Hawkins, who never finished high school, was definitely a small fry when he started in fast food (see story, right) but by 1996 had become a major force.

In that year, he signed a whopper of a deal with Burger King. It was worth millions and put him on the line to develop 125 Burger Kings in 18 different economic-empowerment zones - hard-edged, inner-city neighborhoods.

For Burger King, Hawkins brought the opportunity for inroads into the inner-city, a market company officials admit they had never been comfortable with and where McDonald's had the edge.

In a business where conformity and consistency reign supreme, Hawkins insisted on doing it his way. He says he imposed two conditions: flexibility to change Burger King's standard formulas for appearance and menu; and leeway in programs to bolster crumbling urban areas.

"Seventy-five percent of the focus of what I'm doing is helping urban kids," Hawkins insists. "I have a fiduciary responsibility to give back to my community."

Hawkins wasted no time. First he jazzed up the restaurants with red-and-white tiles and touches of neon. Focus groups among inner-city consumers quickly revealed that Burger King's traditionally muted colors were all wrong. "Who turned down the lights in there?" asked one respondent.

And he jazzed up the music, piping in R&B and hip-hop music, in some cases blasting it back out onto the street through stone-encased speakers.

He fiddled with the menu, adding Cajun fries and banana milkshakes and removing onion rings and salads. (The company has since pulled the fries and shakes for tweaking.)

Hawkins also persuaded Burger King to adopt the double drive-through, a format he brought over from his former franchisor, Checkers.

Most of Hawkins's units are small, and many have no interior seating. In some of the tougher neighborhoods, bulletproof glass separates customers and employees.
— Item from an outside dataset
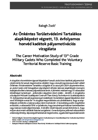 A vizsgálat a honvédelem ágazati képzésben tanuló utolsó éves kadétok pályamotivációját mérte fel annak megismerése céljából, hogy a tanulói jogviszonyuk alatt vállalt Önkéntes Területvédelmi Tartalékos szolgálat és az azzal járó 2024 szeptemberében, az utolsó tanév első hónapjában végrehajtott öt hetes katonai alapkiképzés mennyire befolyásolta őket a katonai pályaválasztás terén. A felmérés módszere egy 72 válaszadási lehetőséget tartalmazó – jellemzően négyfokú Likert-skálás – kérdőív. A vizsgálatba a Budapesti Műszaki Szakképzési Centrum Than Károly Technikum és Szakközépiskola 13. évfolyamban tanulói jogviszonnyal rendelkező, Honvédelem ágazati képzésben résztvevő 30 diákját vontuk be. A vizsgálat megerősítette azt a feltételezést, hogy az alapkiképzés erősítette a katonai pálya iránti motivációt. A honvédség pozitív megítélése erősödött, a válaszadók 70%-a nyilatkozta, hogy tanulmányait katonai tanintézetben vagy katonai ösztöndíjjal folytatja. A kérdőív részét képezte annak felmérése is, hogy milyen okok miatt vállaltak katonai szolgálatot. Generációjukra jellemző válaszaikban a közösségi élmény, képességeik határainak megismerése, a gyakorlati tapasztalatszerzés nagyobb súllyal szerepelt, mint az igért jövedelem. A mérés alapján feltételezhető, hogy a tartalékos szolgálat vállalásával, az érettségi utáni katonai pályaválasztás alternatívája felerősödik. A vizsgálat eredményeinek általános értelmezéséhez indokolt lehet a célcsoport számának növelése, több Honvéd Kadét Programban részt vevő intézmény bevonása. | The study assessed the career motivation of final-year cadets studying in the Defence sector training program to understand how their military career choices were influenced by their participation in the Voluntary Territorial Reserve service during their student status and the five-week basic military training conducted in September 2024, during the first month of their final academic year. The method of the survey was a questionnaire containing 72 response options, primarily using a four-point Likert scale. The study involved 30 students in the 13th grade enrolled in the Defence sector training program at the Than Károly Technical and Vocational Secondary School of the Budapest Technical Vocational Training Center. The study confirmed the assumption that the basic training enhanced motivation toward a military career. The positive perception of the Armed Forces improved, with 70% of respondents stating that they plan to continue their studies in a military educational institution or with a military scholarship. The questionnaire also included an assessment of the reasons for undertaking military service. In responses characteristic of their generation, greater emphasis was placed on the sense of community, exploring the limits of their abilities, and gaining practical experience, rather than the promised income. Based on the measurement, it can be assumed that undertaking reserve service strengthens the alternative of choosing a military career after graduation. To achieve a broader interpretation of the study’s results, it may be justified to increase the size of the target group and involve more institutions participating in the Military Cadet Program.

But perhaps the most unusual feature is the large picture of Hawkins on display by the take-out window.

He is not a shy man.

Before he enters a new market, Hawkins advertises both his face and his message: An African-American-owned Burger King is coming to help the community and would appreciate your patronage.

Hawkins says that just by showing up in neighborhoods that frighten most retailers, he's providing a service: creating jobs, giving kids a path up and out.

But he doesn't stop there. Out comes his checkbook: in Baltimore, $500,000 to city schools; in Detroit, another $500,000 to a local council of ministers.

Hawkins "deserves a lot of credit" for his work with urban youths, says Dennis Lombardi of Technomic Inc., a Chicago-based food-service consulting firm. "He's become a role model."

Mr. Lombardi also credits Burger King with the foresight to deal with Hawkins. "It's been a win-win situation," he says. "It's allowed Burger King to experiment and to win more market share."

"Market share" is one of Hawkins's specialties. He says his units average almost $2 million in annual sales, about twice the typical Burger King. (The company will only call his operations "very successful.") In 1997, he says, sales totaled $98 million.

Hawkins plans to add Burger Kings in Chicago, Los Angeles, New York's Bedford-Stuyvesant and Harlem, Philadelphia, Washington, D.C., and Newark and Camden, N.J.

Next month, he plans to move his headquarters to downtown Detroit in his own building.

Many of his newly acquired Pizza Hut units (he owns virtually the entire Detroit market) lie outside the city, but Hawkins plans an urban remake - neon, black-and-white tile, stainless steel roofs, and a spicier menu.

"He knows the market, and he knows best how to sell to it," says a company official.

Hawkins also promises changes for Perkins Pancake Houses, with a focus on soul food: ribs, pork chops, Southern-fried chicken, macaroni-and-cheese, and black-eyed peas.

Not everybody is a Hawkins fan, however. His company reportedly faces several lawsuits over allegations of unpaid fees.

"There's concern that he's all hype and that ultimately he's self-motivated," says one observer of the franchise community. Others criticize him for not using minority contractors on all his projects.

"Let them talk. I'll walk," Hawkins counters. "They criticize, and I continue to grow a little stronger every day."

And he refuses to be modest. "I'm the greatest salesman of all time," he boasts. "I'm in the process of making history. I've been able to make a difference."